Is It Possible To Get Better Results For Parsing Imperative Sentences With Stanfordnlp?
Solution 1:
I looked at your examples, and it seems that the parser is classifying the first word in your imperatives as noun (NN
) or proper noun (NNP
). I think that is because a capital letter is present in the beginning of the first word (and proper nouns start with a capital letter). Essentially, the parser hasn't "learned" that every sentence in English starts with a capital letter, and that the capital letter in the beginning provides no information about the part-of-speech.
Of course, the long-term solution to this is that the parser should be trained on other texts with imperatives, but there is also a short-run hack to this problem: since the problem lies with capital letters, we can use the .lower()
String function in Python (or any other corresponding function in other programming languages) to preprocess the string to lowercase before parsing it.
I myself tried this with your examples and now the parser is correctly classifying the beginning of your sentences as Verb Phrases.

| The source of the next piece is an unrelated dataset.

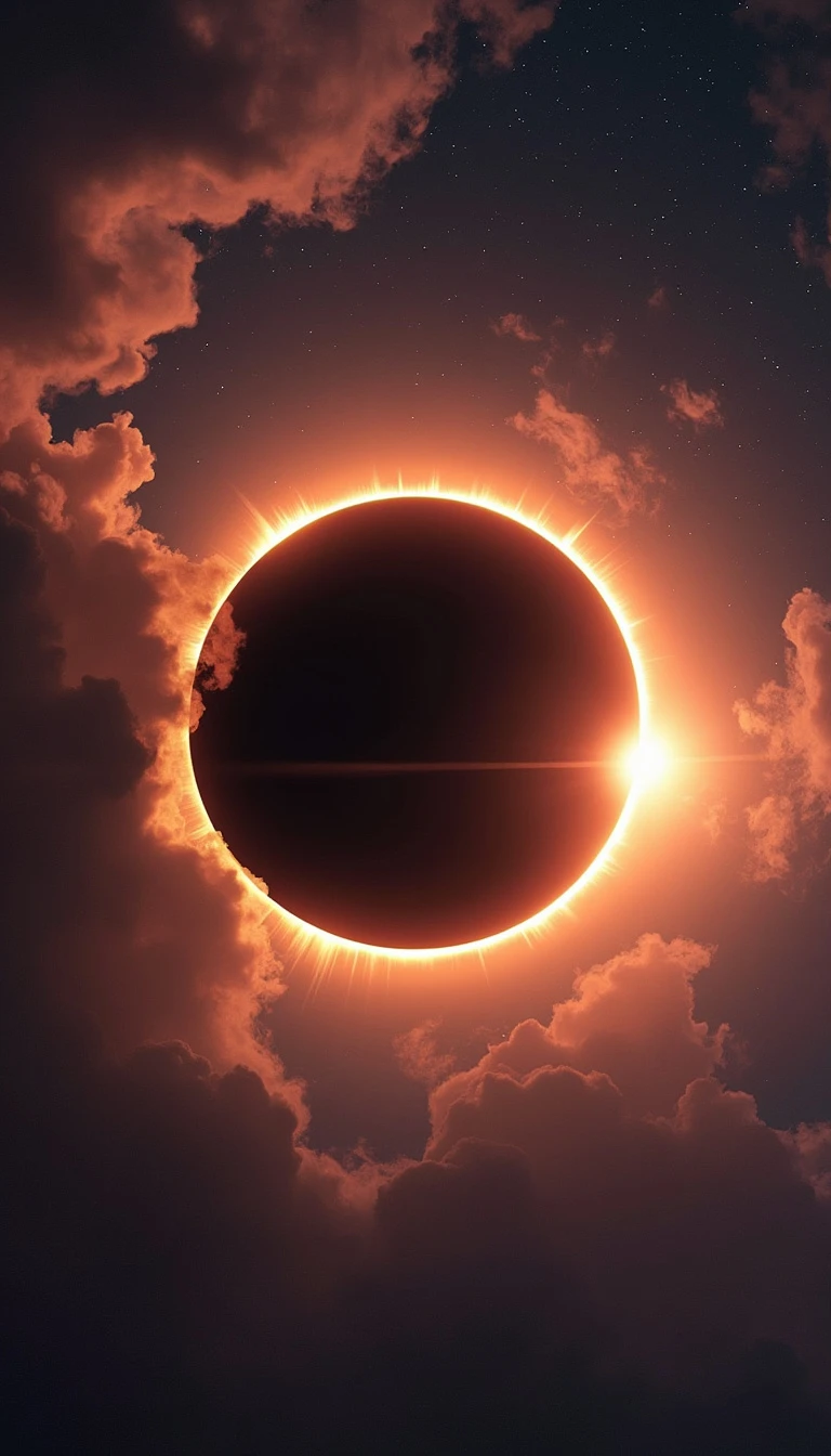 A bright ring of light forming around the black disk of the Moon, which completely blocks out the solar disk, leaving only a glowing ring. This ring should be bright and saturated, with shades of yellow, orange and red, creating the effect of a ring of fire. Coronal flares are visible around the ring, which emit bright rays of light, like rays of sunlight breaking through clouds. The sky at the peak of the eclipse exhibits unique atmospheric phenomena: light clouds tinged with pink and purple tones create a soft light effect, and stars begin to appear against the darkening sky, adding a sense of magic. The position of the Sun and Moon must be perfectly aligned to create the effect of a total annular eclipse, with the Moon positioned exactly between the Earth and the Sun. Include elements such as stars that begin to appear against the backdrop of the eclipse to enhance the beauty and majesty of this astronomical event.

Note:: The above hack may lead to incorrect classification of Proper Nouns because they will no longer have a capital letter. As long as you are not using the parser to detect Proper Nouns alongside imperatives, you should be okay
Solution 2:
Unfortunately the part-of-speech tagger is trained on the Wall Street Journal from years ago. So there are issues where imperative statements aren't in the training data. So it's going to guess wrong at times. But on some imperative statements it does the right thing as well. I think if the first word is a clear verb like "Call" you will get better performance.
Another issue I saw is the verb "text" (as in send a text message) is not being handled well.
I think we would be excited to add some contemporary data and add some imperative training data to help out.